Die Sonne im Gesicht: Ein Mädchen in Afghanistan (German Edition) by Deborah Ellis

Die Sonne im Gesicht: Ein Mädchen in Afghanistan (German Edition) by Deborah Ellis

Autor:Deborah Ellis [Ellis, Deborah]
Die sprache: deu
Format: azw3
Herausgeber: cbj TB
veröffentlicht: 2015-08-30T16:00:00+00:00


9. Kapitel

»Shauzia?«, flüsterte Parvana.

»Nenn mich Shafiq! Und wie soll ich dich nennen?«

»Kaseem. Was machst du hier?«

»Dasselbe wie du, Dummkopf. Aber ich muss zum Teestand zurück. Bleibst du noch eine Weile hier?« Parvana nickte. »Gut. Ich komme später wieder!«

Shauzia nahm ihr Tablett und rannte zum Teegeschäft zurück. Parvana starrte verblüfft ihrer alten Klassenkameradin nach, die sich unter die anderen Teejungen mischte. Sie musste sehr genau hinsehen, damit sie ihre Freundin von den anderen unterscheiden konnte. Dann fiel ihr ein, dass sie besser nicht so angestrengt hinstarren sollte, weil sie sonst jemand fragen könnte, was sie so aufgeregt anschaute! Also blickte Parvana weg und Shauzia tauchte in der Menge unter.

Shauzia und Parvana waren in der Schule nicht besonders gute Freundinnen gewesen. Parvana glaubte, sich zu erinnern, dass Shauzia sehr gut rechtschreiben konnte, aber sie wusste es nicht mehr so genau.

Es gab also noch andere als Jungen verkleidete Mädchen wie sie hier in Kabul. Parvana versuchte, sich zu erinnern, wen sie aus Shauzias Familie noch gekannt hatte, aber ihr fiel niemand mehr ein.

Bei den letzten beiden Kunden dieses Tages war Parvana mit den Gedanken ganz woanders, und sie war froh, als sie Shauzia endlich herbeilaufen sah.

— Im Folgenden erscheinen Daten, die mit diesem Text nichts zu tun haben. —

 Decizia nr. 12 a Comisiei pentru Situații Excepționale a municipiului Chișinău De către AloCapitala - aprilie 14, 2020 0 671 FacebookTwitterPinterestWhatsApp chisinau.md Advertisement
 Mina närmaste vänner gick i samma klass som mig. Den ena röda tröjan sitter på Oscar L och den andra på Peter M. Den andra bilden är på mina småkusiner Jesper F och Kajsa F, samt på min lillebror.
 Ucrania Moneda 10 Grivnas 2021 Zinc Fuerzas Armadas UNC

»Wo wohnst du?«, fragte Shauzia. Parvana zeigte in die Richtung, in der ihre Wohnung lag. »Packen wir zusammen und gehen wir, während wir reden. Da, ich hab dir was gekauft!« Sie drückte Parvana ein Stück Papier in die Hand, in das ein paar getrocknete Aprikosen gewickelt waren. Seit Ewigkeiten hatte Parvana so etwas nicht mehr gegessen! Sie zählte die Früchte, es war genau eine für jeden in der Familie und eine extra, die sie jetzt gleich essen konnte. Parvana biss hinein und wunderbare Süße füllte ihren Mund.

»Danke!« Sie steckte die restlichen Aprikosen in die Brusttasche zu dem heute verdienten Geld und begann zusammenzupacken. Heute lag kein kleines Geschenk auf der Decke. Aber das machte nichts. Shauzia zu treffen, war doch wirklich genug für einen Tag!

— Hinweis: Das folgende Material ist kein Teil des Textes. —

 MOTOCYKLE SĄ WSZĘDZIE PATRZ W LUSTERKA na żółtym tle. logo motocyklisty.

»Wie lange machst du das schon?«, fragte Shauzia, als sie den Markt verließen.

»Einen Monat ungefähr. Und du?«

»Sechs Monate. Mein Bruder ist in den Iran gegangen, um Arbeit zu suchen, das war vor fast einem Jahr. Wir haben nichts mehr von ihm gehört. Mein Vater starb an Herzversagen. Deshalb muss ich arbeiten gehen.«

»Meinen Vater haben sie verhaftet.«

»Habt ihr etwas von ihm gehört?«

»Nein. Wir sind zum Gefängnis gegangen, aber sie haben uns dort überhaupt nichts gesagt. Wir haben nichts mehr über ihn erfahren.«

»Werdet ihr vielleicht auch nicht mehr«, sagte Shauzia. »Die meisten Menschen, die verhaftet werden, verschwinden spurlos, ohne dass man je wieder etwas von ihnen hört. Sie sind einfach weg. Ich habe einen Onkel, der auch verschwunden ist.«

Parvana packte Shauzia und zwang sie, stehen zu bleiben. »Mein Vater kommt zurück!«, sagte sie. »Er kommt zurück!«

Shauzia nickte. »Ja, ja! Bei deinem Vater ist das anders. Wie geht das Geschäft?«

Parvana ließ Shauzias Arm los und ging weiter. Es war viel einfacher, über das Geschäft zu sprechen, als über ihren Vater. »Manche Tage sind besser, manche sind schlechter. Verdienst du viel als Teejunge?«

»Nicht viel. Es gibt so viele Teejungen, deshalb zahlen sie uns nicht gut.